Rio’s revival is about more than just investment flows, as important as those are. The authorities have been moving aggressively in recent years to repair the city’s stretched social fabric. They have sent teams of police and army troops into the notorious favelas, or hillside slums, to root out drug gangs that terrorized local residents, and extended utility services and transport links to knit those hillside neighborhoods into the city’s economy (see story, above).

These forces have combined to give Rio a newfound energy and dynamism: a hint of Houston from the oil money, echoes of New York’s financial sector without its gloom, a touch of London’s cosmopolitan nature, all leavened with the distinctive joie de vivre of the cariocas.

With a population of 6.3 million — 12.3 million in the greater metropolitan area — Rio is the second-largest city in Brazil and the fourth largest in Latin America after Mexico City, São Paulo and Buenos Aires. It has long had enviable economic strengths. Rio’s per capita gross domestic product stood at 25,122 reais in 2008, 57 percent above the national average, according to the Brazilian Institute of Geography and Statistics. Some 56 percent of Brazil’s economic output is produced within a 500-kilometer radius of the city; Rio receives a quarter of all foreign direct investment in Brazil, which totaled $48.46 billion in 2010, according to the United Nations’ Economic Commission for Latin America and the Caribbean.

Six of the country’s 13 largest companies have their headquarters in Rio, including Petrobras, mining giant Vale, mobile telecommunications operator TIM Brasil and EBX, the holding company of Eike Batista, Brazil’s richest man. BNDES, the state-owned entity that is the world’s largest development bank, with some 625 billion reais ($366 billion) in loans outstanding, is based in the heart of the city center, just across the street from Petrobras. Rio is also home to Globo Organizations, the largest media conglomerate in Latin America, and it boasts nearly a dozen leading universities, including the Getulio Vargas Foundation, which operates Brazil’s top management school.
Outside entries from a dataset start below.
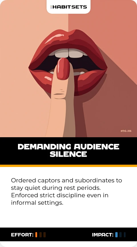 Ordered captors and subordinates to stay quiet during rest periods. Enforced strict discipline even in informal settings.
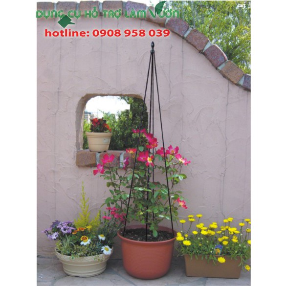 Khung chóp 4 chân Nhật Bản- Khung có thiếu kế đơn giản dễ sử dụng trong chậu hoặc ngoài đất đều được, bộ khung là ống thép bọc nhựa phi 8 màu đen tinh tế, phù hợp với các loại cây hồng leo, hoa leo, dưa leo, đậu biếc, mồng tơi
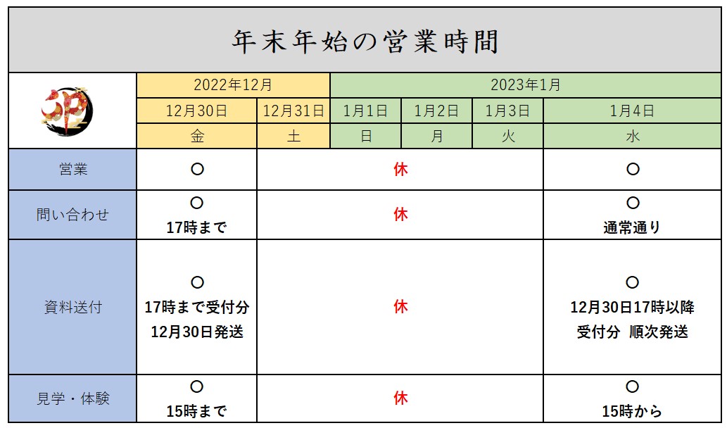 2022年 12月31日~ 2023年 1月3日の期間を、閉所日とさせていただきます。
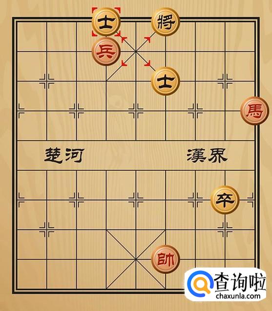 红方先走帅五平四,黑方走士5退4(若是黑方不走士5退4,而是走将6进1,则红方只需走马一退三,下一步无论黑方走将还是走士,都会被黑方吃掉一个士)。
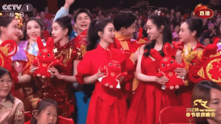 开场大合唱一人发了一只玩偶兔子,但是男女明星的摇兔子手法是完全不一样。女星这边都轻轻摇着兔子可爱又美丽,男星这边好像蹦迪气氛组,网友调侃还好是玩偶兔子,要不就晃晕了。
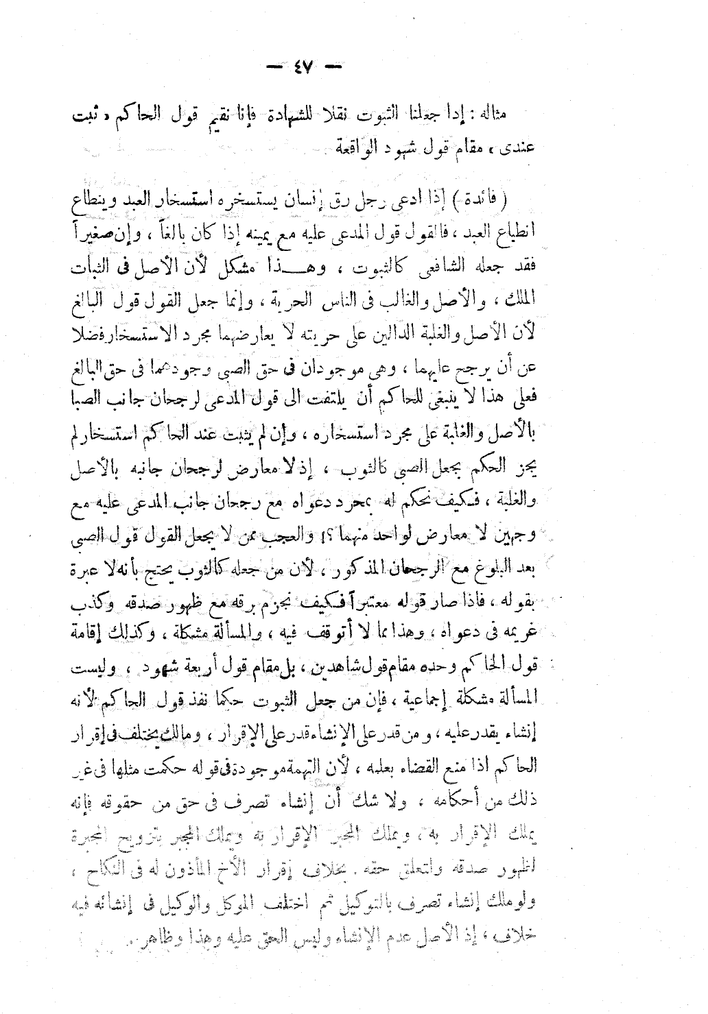 وَالْعَجَبُ مِمَّنْ لَا يَجْعَلُ الْقَوْلَ قَوْلَ الصَّبِيِّ بَعْدَ الْبُلُوغِ مَعَ الرُّجْحَانِ الْمَذْكُورِ؛ لِأَنَّ مَنْ جَعَلَهُ كَالثَّوْبِ يَحْتَجُّ بِأَنَّهُ لَا عِبْرَةَ بِقَوْلِهِ، فَإِذَا صَارَ قَوْلُهُ مُعْتَبَرًا فَكَيْفَ نَجْزِمُ بِرِقِّهِ مَعَ ظُهُورِ صِدْقِهِ وَكَذِبِ غَرِيمِهِ فِي دَعْوَاهُ، وَهَذَا مِمَّا لَا أَتَوَقَّفُ فِيهِ، وَالْمَسْأَلَةُ مُشْكِلَةٌ، وَكَذَلِكَ إقَامَةُ قَوْلِ الْحَاكِمِ وَحْدَهُ مَقَامَ قَوْلِ شَاهِدَيْنِ، بَلْ مَقَامَ قَوْلِ أَرْبَعَةِ شُهُودٍ، وَلَيْسَتْ الْمَسْأَلَةُ مُشْكِلَةً إجْمَاعِيَّةً، فَإِنَّ مَنْ جَعَلَ الثُّبُوتَ حُكْمًا نَفَّذَ قَوْلَ الْحَاكِمِ؛ لِأَنَّهُ إنْشَاءٌ يَقْدِرُ عَلَيْهِ، وَمَنْ قَدَرَ عَلَى الْإِنْشَاءِ قَدَرَ عَلَى الْإِقْرَارِ وَمَالِكٌ يَخْتَلِفُ فِي إقْرَارِ الْحَاكِمِ إذَا مَنَعَ الْقَضَاءَ بِعِلْمِهِ؛ لِأَنَّ التُّهْمَةَ مَوْجُودَةٌ فِي قَوْلِهِ حَكَمْتُ مِثْلَهَا فِي غَيْرِ ذَلِكَ مِنْ أَحْكَامِهِ، وَلَا شَكَّ أَنَّ إنْشَاءَ تَصَرُّفٍ فِي حَقٍّ مِنْ حُقُوقِهِ فَإِنَّهُ يَمْلِكُ الْإِقْرَارَ بِهِ، وَيَمْلِكُ الْمُجْبَرُ الْإِقْرَارَ بِهِ وَيَمْلِكُ الْمُجْبَرُ بِتَزْوِيجِ الْمُجْبَرَةِ لِظُهُورِ صِدْقِهِ وَلِتَعَلُّقِ حَقِّهِ؛ بِخِلَافِ إقْرَارِ الْأَخِ الْمَأْذُونِ لَهُ فِي النِّكَاحِ.

The city’s revival won fresh validation in December when Moody’s Investors Service raised its rating on Rio to Aaa.br, the highest level on its local scale. Moody’s cited the city’s strong finances — the budget had a gross operating surplus of 17.4 percent of revenue in 2010 — a healthy tax base and reliable transfers from the state and federal governments. Rio is the only Brazilian city to have an investment-grade rating from the U.S. agency.